Every hotel room in the world appears to have one, at least all those I´ve visited do. They´re mounted on the wall, always just at the edge of your vision, slightly anonymous, yet also mysterious. An odd-looking device, somewhat technological, but also a little furniture-like. The mystery is compounded by the fact that there is never any real indication of it´s purpose, or how to use it, though once you look at it, you realise it is simplicity itself. I´m thinking about the trouser-press.
Although I´d occasionally been intrigued, I´d managed to avoid using a trouser press. Though normally technologically curious and not afraid to experiment with new devices, there was something about the trouser press that made me keep my distance. The province of the travelling salesman with a need to freshen the creases in his cheap suit of man made fabric? The fact that is seemed a bit too grown-up for me? Or that putting creases in your trousers just seems a bit off?
This all changed the day I found a Corby 5500 Classic at a local jumble sale. Sleek, teak and meek (ok, upright, really, but meek sounded better) it stood there, amidst an ocean of rubbish and tat. What a strange thing to find! Do people even buy them to use at home? I have no idea, but I had to have it, and it was mine for the princely sum of 8 pounds. Excellent! Though, I realised, now I had to find out how to use it.
And I did. And it really isn´t that difficult! There are 2 controls. One timer to set the heat on and one lever to open and close (two really, as the levers apply force on both sides to ensure even application of pressure). Hardly a challenge for an engineer really. Hah!
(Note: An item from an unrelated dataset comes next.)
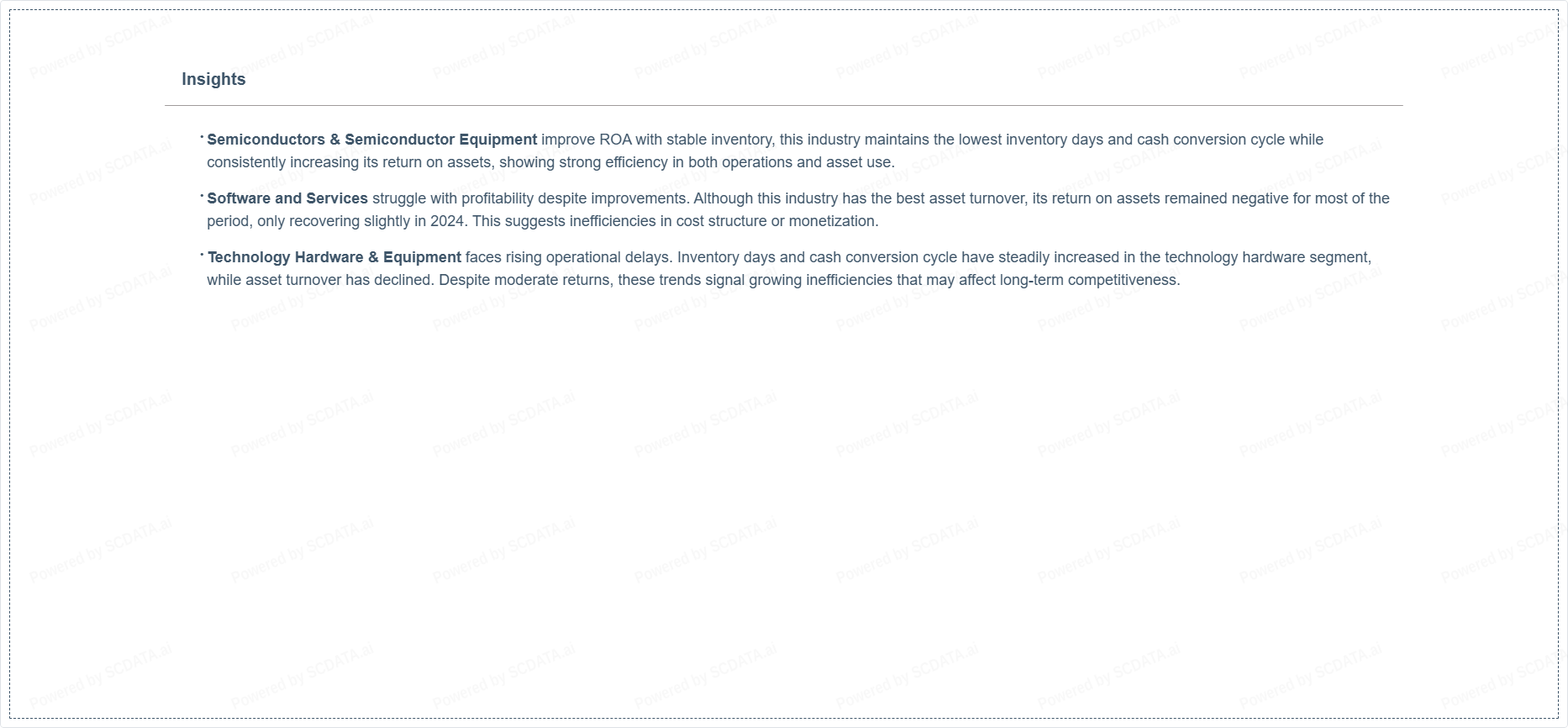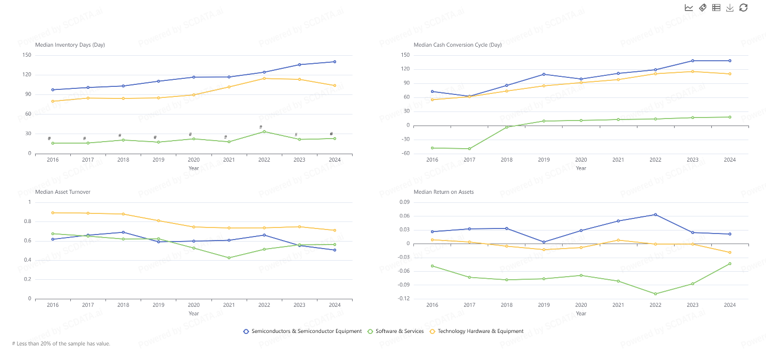Technology Hardware & Equipment faces rising operational delays. Inventory days and cash conversion cycle have steadily increased in the technology hardware segment, while asset turnover has declined. Despite moderate returns, these trends signal growing inefficiencies that may affect long-term competitiveness.

The only really tricky part is getting the trousers to lie nice and flat inside the press before closing it. I have very few trousers that have a crease front and back. Possibly only a single pair, and I just remembered that I don´t even have them any longer. What I like to do is to lay the trousers flat, as I´d iron them. I do occasionally iron chinos, as they get washed more often than my other trousers, while denim and wool trousers tend to rest between use. As I´m a careful wearer I rarely get my trousers dirty and can enjoy clothes that don´t need washing too often, which keeps them nice much longer. That resting though, folded thrice, in a stack, that sure does crease them. Not hard creases, but enough to make it noticeable. Iron them? Nope, too much work. This is where the trouser press earns it´s keep. It takes a minute to place the trousers in it, and then 45 minutes later they are crispy, fresh and creaseless. Jeans, corduroy or tweed, it works for all of them.
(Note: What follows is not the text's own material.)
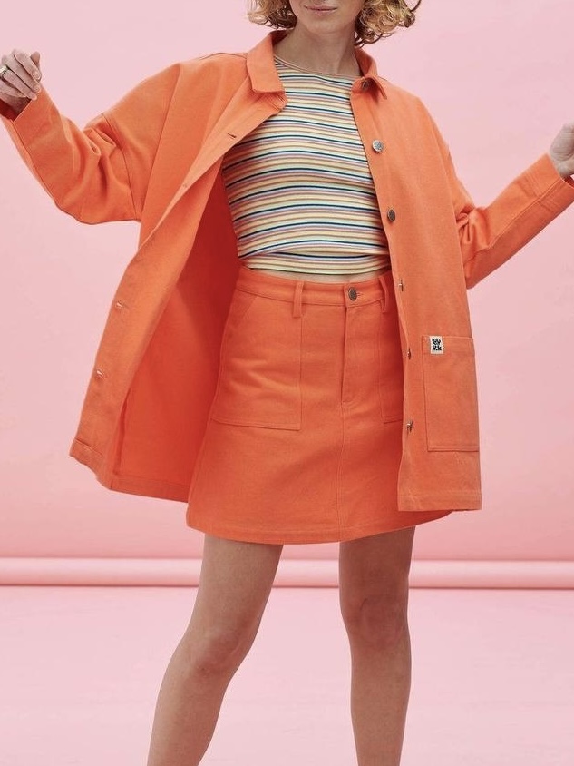 Джинс не высокой плотности. Он довольно прочный, немного эластичный. Подходит для пошива повседневной одежды: брюки, рубашки, тренчи, ветровки, жакеты, юбки, комбинезоны, сарафаны. Можно шить шоперы и бейсболки.

A ceaseless remover of creases, to coin a new slogan for Corby of Windsor, manufacturers of trouser presses to royalty and tired businessmen since 1930. So, even though the trouser press may not be the most glamorous of gentleman´s accessories, and a victim of screwdriver-wielding pranksters, it is actually a genuinely decent device, and I strongly recommend you keep an eye out for one. Or accidentally acquire one when next staying in a hotel. Most likely it will hardly have been used.
Mine was relegated to the washing room in the basement by my otherwise cherubical WellDressedGirlfriend. Little does she know that with a special bracket from Corby, my freestanding Classic can be wall mounted, and will enjoy a prime location in our bedroom again soon.